Reflecting ongoing market developments, the Basel Committee has finalized revisions to all three “pillars” of the final Basel Accord.  These deal with specific regulatory-capital standards, supervisory and risk-management requirements and additional disclosures that are designed to improve market discipline. Much in the revisions addresses specific problems that have led to the global financial-system’s collapse.  For example, the rules will sharply increase the risk-based capital required for complex securitizations and reduce reliance on the credit ratings agencies (on whom much of the mortgage-backed securities debacle has been blamed).   The final standards also include a detailed discussion of compensation practice, mandating an array of reforms designed to link remuneration incentives to long-term risk-management ones.  The net result of the new capital and risk-management requirements will be sharply higher regulatory capital, especially for institutions with concentrated and/or complex positions.  This will contribute to the industry restructuring already under way as a result of market forces, likely leading to smaller institutions that rely more on traditional intermediation, not securitization and complex off-balance sheet structures.  Sharply higher capital will also be required for reputational risk, with this affecting those banks active in sponsoring investment vehicles such as money-market mutual and hedge funds.   

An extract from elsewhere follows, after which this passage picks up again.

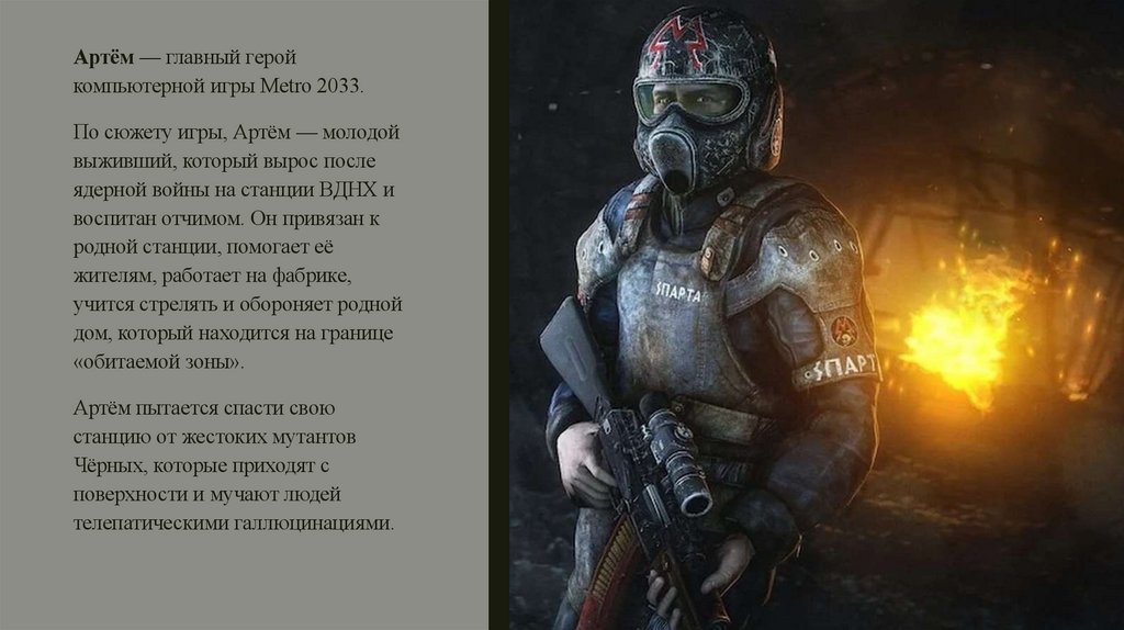 Артём — главный геройкомпьютерной игры Metro 2033.

In conjunction with this final rule, the Basel Committee also clarified next steps for revising the overall risk-based capital, supervisory and disclosure framework.  Although nothing will be done to raise regulatory-capital requirements until 2011 at the earliest to minimize market disruption and slow the recovery, global regulators have finalized plans to impose a new, minimum capital standard and revise the types of instruments that can be considered capital.